The University observes Black History Month with a visit by A.D. Carson, a hip-hop scholar who created a popular rap album to defend his Ph.D. dissertation at Clemson University.

A.D. Carson

A.D. Carson

Carson, assistant professor of hip-hop and the global South at the University of Virginia (UVA), will discuss “Owning My Masters: The Rhetorics of Rhymes and Revolutions” on Monday, Feb. 5, at 5 p.m. in the Peter Graham Scholarly Commons (114 Bird Library). The event is free and open to the public.

Carson also will headline a private luncheon earlier in the day for graduate students. Titled “Owning the Dissertation,” the event is sold-out.

The Democratizing Knowledge (DK) Project in the College of Arts and Sciences (A&S) is sponsoring Carson’s visit in conjunction with the University’s Office of Multicultural Affairs. For more information, contact Hayley Marama Cavino G’09, the DK Project’s program coordinator, at 315.443.8750 or hcavino@syr.edu.

“We are honored to host A.D. Carson, whose examination of hip-hop as a cultural movement and an emergent field of academic study is particularly timely,” says Cavino, an instructor of women’s and gender studies and of Native American and indigenous studies in A&S. “He is part of a growing community of scholars utilizing hip-hop and other story forms to produce knowledges that historically have been marginalized. His visit supports the DK Project’s larger mission of developing literacies, producing transformative knowledge and supporting the creation of a more inclusive and just campus.”

An expert on race, history, literature and rhetorical performances, Carson made international headlines last year when he produced the album “Owning My Masters” for his dissertation. The 34-track project, whose title mirrors that of his talk at Syracuse, uses hip-hop to explore ideas such as identity, justice, economics, citizenship and language.

“Owning My Masters” quickly became an Internet sensation. Before Carson defended his dissertation, the album’s songs racked up tens of thousands of views on YouTube, more than 50,000 streams and downloads on SoundCloud and hundreds of thousands of hits on Facebook. Today, the numbers continue to climb.

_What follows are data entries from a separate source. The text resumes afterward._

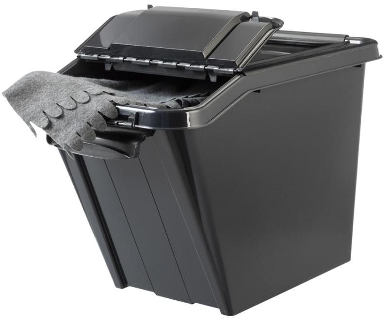 *** Produkt hat leichte Kratzer ***, Box und Deckel, Farbe: schwarz, Klippverschlüsse, weißes, Schild mit QR-Code zur Abspeicherung des Inhalts,, Maße: (B)395 x (T)650 x (H)438 mm, Material: recyceltes PP,, mit Klappe am Deckel
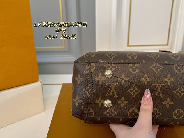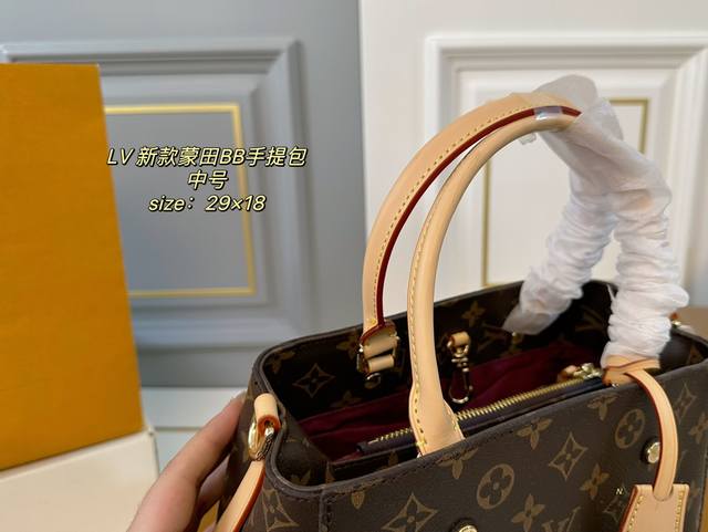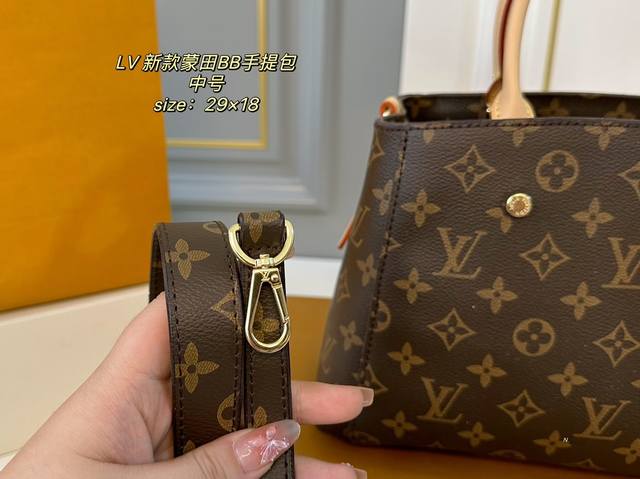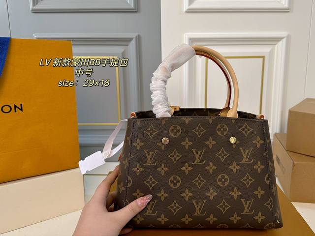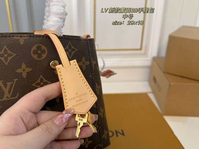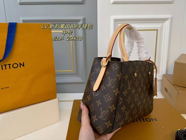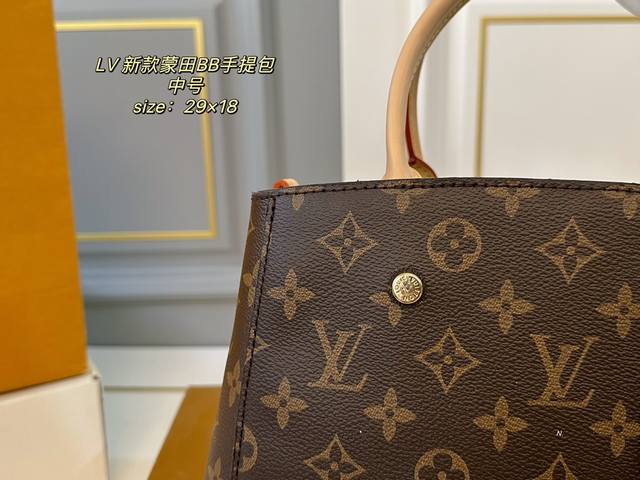 / 中号 折叠盒 Size:29×18中号 Lv路易威登新款蒙田bb手提包 包身挺阔不易塌,实用性很高~ 巨能装,手提、臂挽,也可斜背 老花的配色经典不过时,四季背
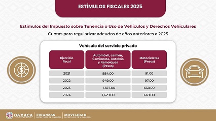 La dependencia informa que, en estos casos, las y los propietarios y/o tenedores de vehículos registrados en Oaxaca liquidarán su adeudo mediante cuotas fijas y, así, accederán al estímulo del 100 por ciento del Impuesto sobre Tenencia, Derechos de Control Vehicular, Impuesto al Desarrollo Social, así como accesorios de 2025, siempre y cuando regularicen su situación fiscal a más tardar el 19 de diciembre de 2025.
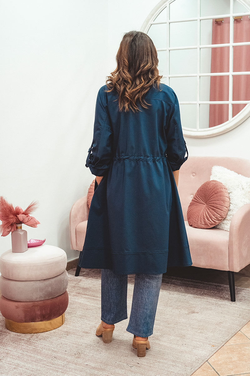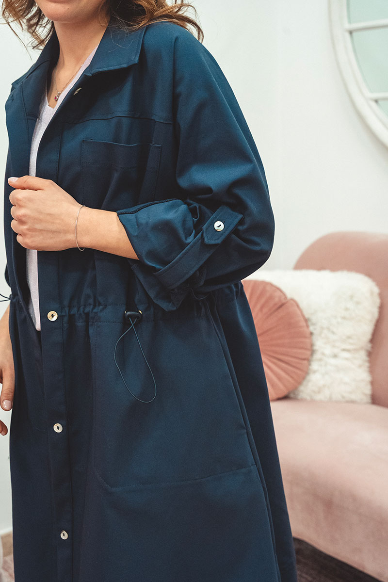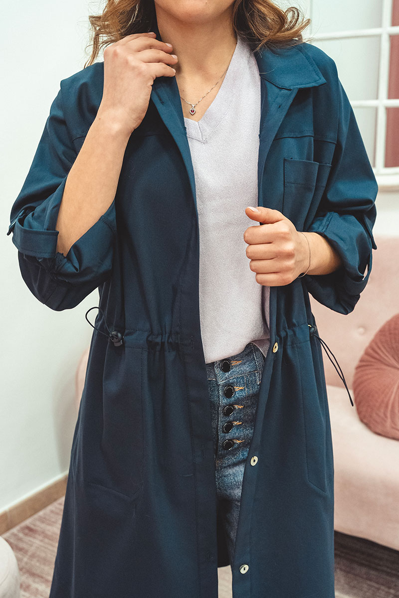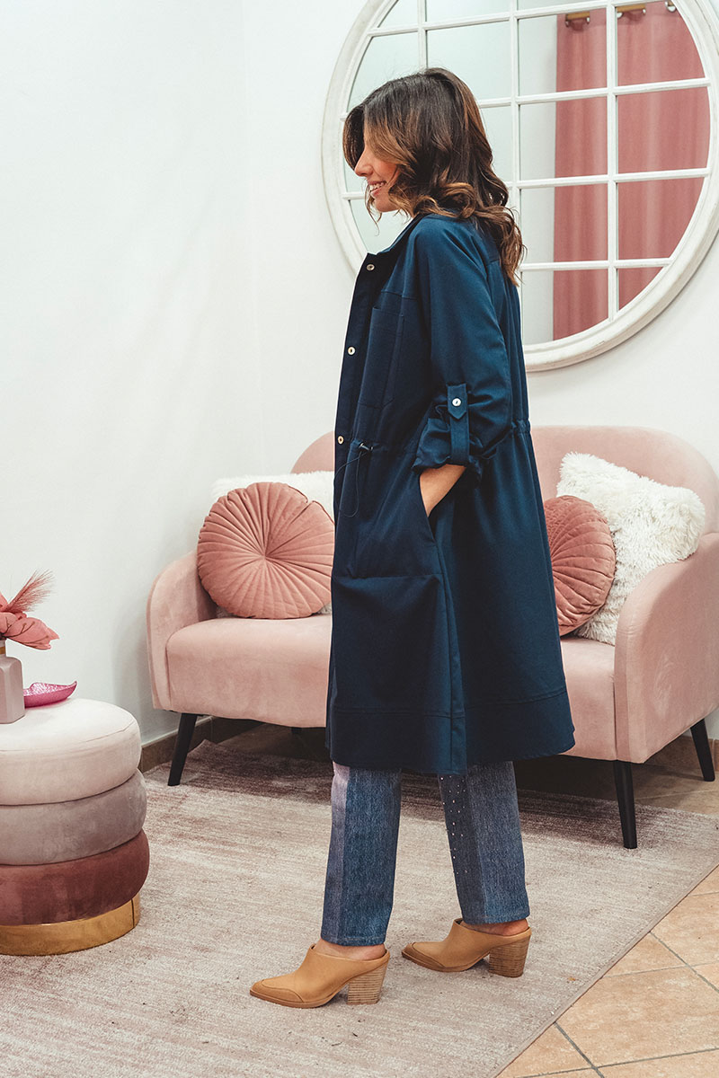 Il trench blu abbottonato è il capospalla ideale per affrontare la mezza stagione con stile e funzionalità.
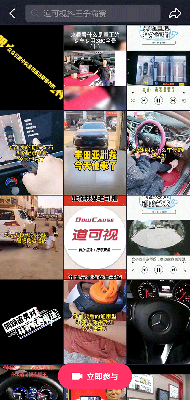 “抖王”爭霸賽是內(nèi)容創(chuàng)新新玩法的先行者和探索者,道可視用簡單、直接的方式結(jié)合抖音的魔性平臺,成功引爆了這次精彩活動,在給用戶提供了娛樂體驗的同時,也讓品牌得到了高度曝光,引發(fā)大家對于行車安全的關(guān)注。
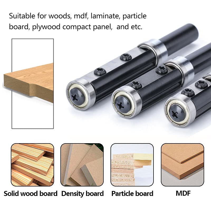 4. This router bit is perfect for wood Flush Trim or bottom cleaning or grooving. Used on soft and hard woods, particle board, MDF, plywood compact panel, laminate, acrylic and etc.
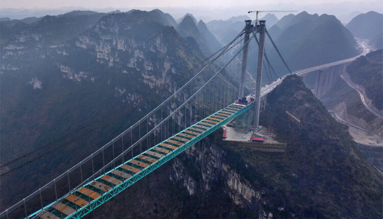 China’s Huajiang Grand Canyon Bridge is set to open this year, becoming the world’s tallest bridge at 2050 feet high.
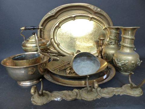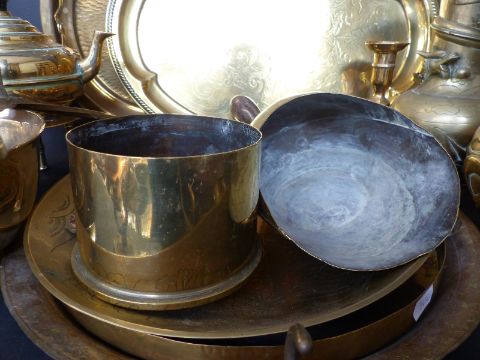 A quantity of brassware including a WWI trench art shell case
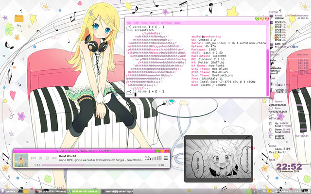 #cute #gentoo #linux #pink #virtualbox #winux #rinkagamine #windows8_1 #integration
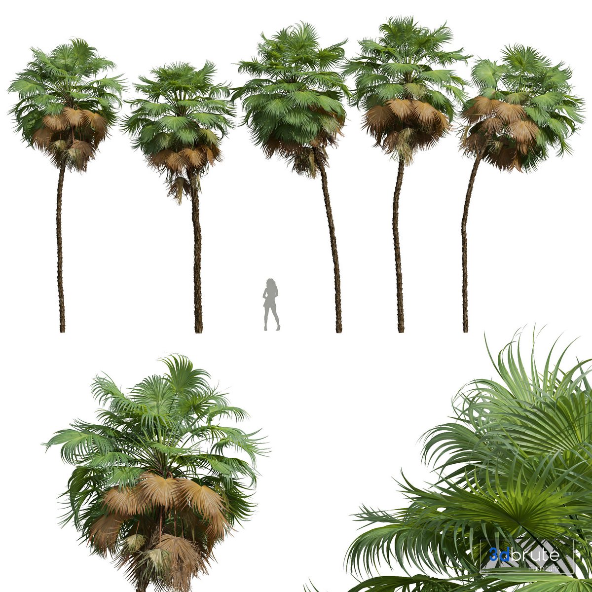 Description: Acoelorrhaphe is a genus of palms with single species Acoelorrhaphe wrightii, known as the Paurotis palm, Everglades palm or Madeira palm in English and cubas, tique, and papta in Spanish. It is native to Central America, southeastern Mexico, the Caribbean, Colombia, the Bahamas, and extreme southern Florida where it grows in swamps and periodically flooded forests. It is a small to moderately tall palm that grows in clusters to 5???7 meters (16???23 ft), rarely 9 m (30 ft) tall, with slender stems less than 15 centimetres (5.9 in) diameter. The leaves are palmate (fan-shaped), with segments joined to each other for about half of their length, and are 1???2 m (3.3???6.6 ft) wide, light-green above, and silver underneath. The leaf petiole is 1???1.2 m (3.3???3.9 ft) long, and has orange, curved, sharp teeth along the edges. The flowers are minute, inconspicuous and greenish, with 6 stamens. The trunk is covered with fibrous matting. The fruit is pea-sized, starting orange and turning to black at maturity. 5 Different 3D models in the scene Height: 11000mm & 10000mm & 11500mm & 12000mm & 10000mm Big Preview: 1- Materials is archive (material library) Note: - To use the max file you need to use at 3dsmax 2015 If you have any problems for setting up the models, |
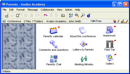 John Smith is a teacher at Avalon Academy. He wants to maintain open communication with parents, so he creates a Parents conference in his class conference, and then subscribes parents so the conference appears on their Desktops.
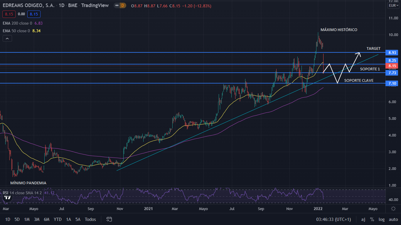 A nivel técnico, desde noviembre de 2020, eDreams ha sido alcista, con un crecimiento del 362%. Alcanzando su máximo histórico en los 10 euros. Tras dicho máximo, alcanzado el pasado 3 de enero, el precio ha caído perdiendo un 24%, debido a lo explicado anteriormente. Con la posición solida de la compañía, los buenos resultados financieros, y su éxito del plan Prime, el precio recuperar su cauce alcista, situándose sobre los 8,93 euros, al cierre del primer trimestre de 2022.
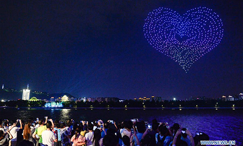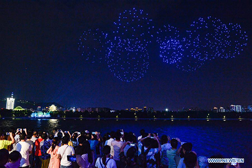 People view drones performance at the Orange Isle scenic area in Changsha, central China's Hunan Province, Aug. 16, 2018. Groups of drones performed a light show here to greet the Qixi festival, or Chinese Valentine's Day, which falls on Aug. 17 this year. (Xinhua/Zhang Xiaoyu)
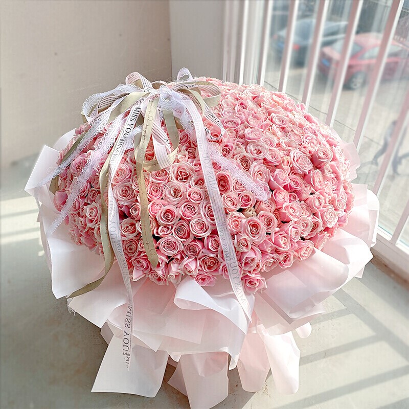 花 材:精选520朵优质粉玫瑰,花球造型,鲜花表面用绿色白色缎带花结装饰。
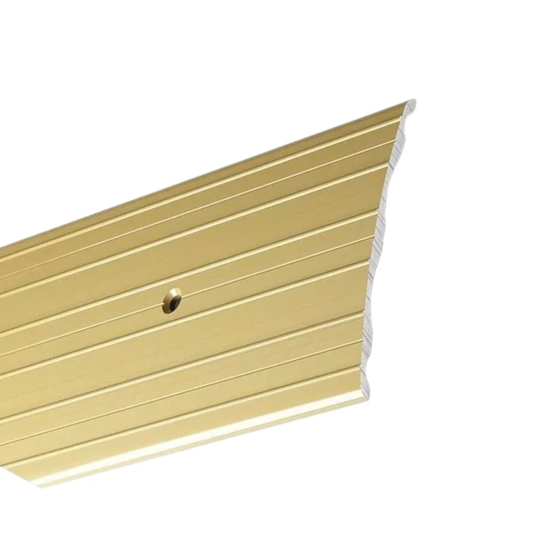 Порог стыкоперекрывающий ПС 07.900.02л в цвете «золото анодированное» — декоративный элемент для оформления стыков между различными напольными покрытиями.
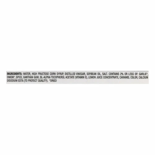 Water, High Fructose Corn Syrup, Distilled Vinegar, Soybean Oil, Salt. Contains 2% or Less of: Garlic (Dried), Onion (Dried), Spice, Xanthan Gum, DL-Alpha Tocopherol Acetate (Vitamin E), Lemon Juice Concentrate, Caramel Color, Calcium Disodium EDTA (to Protect Quality).
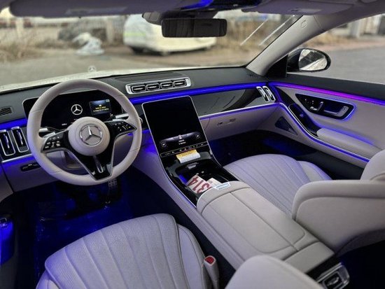 23款奔驰S500L的内饰设计就像一座移动的总统套房,相当的豪华。中控部分搭载了双屏设计,12.8英寸的中控大屏以及12.3英寸的悬浮式行车电脑屏,更多咨询请致电:苏经理187 2222 7779 (电话同微信)配上米色的内饰设计,颜值感很出众。此外,车内还使用了HUD投影显示以及高亮的钢琴烤漆面板,将科技感与时尚感结合得相当到位。
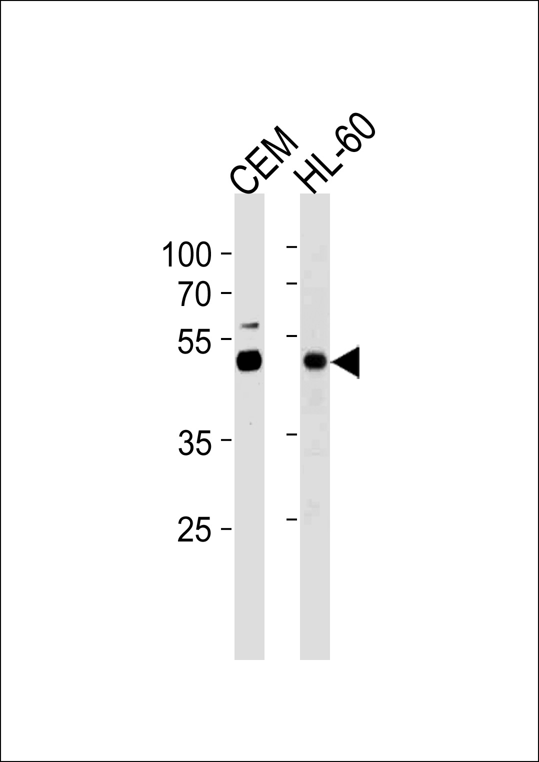 BLMH Antibody (Center) (Cat. AMM05619G) western blot analysis in CEM,HL-60 cell line lysates (35ug/lane).This demonstrates the BLMH antibody detected the BLMH protein (arrow). |
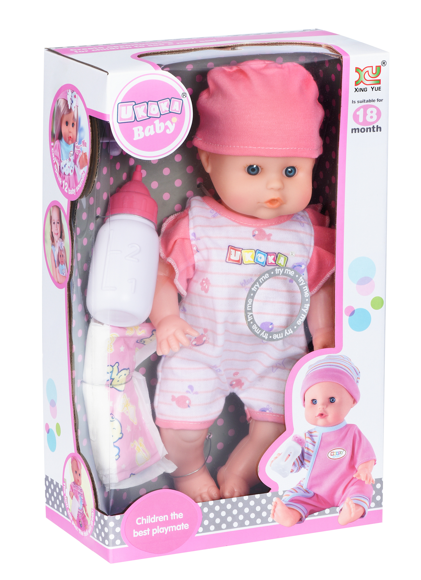 п'є з пляшки, зі звуковими ефектами, ходить на горщик
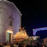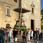 Finalmente il giorno di “Mezzagustu” sorge con un sole splendente. Dopo una mattinata trascorsa fra le Sante celebrazioni e performance della Banda musicale locale alle 20.45 in punto si assiste finalmente all’accensione della prima candela delle numerose che adornano riccamente la Vara dell’Assunta. Momento estremamente solenne e commovente quando i portatori si inginocchiano ai piedi della Santa Vergine col capo chino e ricevono la benedizione solenne, e si intona il canto che finisce con l’esclamazione “Evviva l’Assunta”. Immediatamente i portatori balzano in piedi e a spalla innalzano all’unisono la pesante vara al grido di “Evviva”. Questa come se fosse leggera come l’aria comincia a ondeggiare a ritmo scandito dagli “Evviva”. La folla numerosa finalmente intravede i portatori che con uno sforzo potente e manovre ben calcolate fanno scivolare con leggiadria la Vara, non perdendo il ritmo, dal grande dislivello che la separa dalla piazza, dove ad attenderla c’è la Banda e una folla di fedeli a fare da tappeto. Mentre le campane suonano senza sosta, ecco che l’Assunta inizia il suo viaggio che la porterà all’Abbazia, dove sosterà e da cui poi tornerà al Duomo.

The media has since taken notice. Shorthand Social named “Owning My Masters” the year’s best political album. Moreover, major outlets such as Time and National Public Radio have helped turn Carson into something of a cultural hero. Impressive, considering he undertook the project in a small, makeshift studio in his apartment near campus, using Adobe software provided by the University.

Carson's dissertation project, "Owning My Masters"

Carson’s dissertation project, “Owning My Masters”

“The central thesis of my dissertation is: ‘Are certain voices treated differently?’” writes Carson on the project’s website. “I’m trying to examine how an authentically identifiable Black voice might be used or accepted as authentic or ignored, or could answer academic questions and be considered rightly academic. So I have to present a voice rather than writing about a voice.”

A self-described “performance artist and educator,” Carson studied rhetorics, communication and information design in Clemson’s College of Architecture, Arts and Humanities. While there, he won the 2017 Graduate Student Government Outstanding Dissertation award and the 2016 Martin Luther King Jr. Award for Excellence in Service, the latter on the back of his writing about the history of race at Clemson. (Carson also established the “See the Stripes” campaign, acknowledging the University’s complex racial past, while celebrating its current commitment to diversity and inclusion.) In addition to being an award-winning, published poet and essayist, he is the author of “COLD” (Mayhaven Publishing, 2011), a novel hybridizing poetry, rap lyrics and prose.

Today at UVA, Carson builds on the legacy of Kyra Gaunt, one of the forerunners of hip-hop scholarship, who taught there from 1996-2002.

In a recent interview with UVA Today, Gaunt heaped praise on Carson, a native of central Illinois. “Having him at UVA [is] such a draw for students who are musically inclined and also want to get a Ph.D. studying hip-hop. Perhaps it will send a ripple through music departments throughout the country,” said Gaunt, now an assistant professor of music at the University of Albany.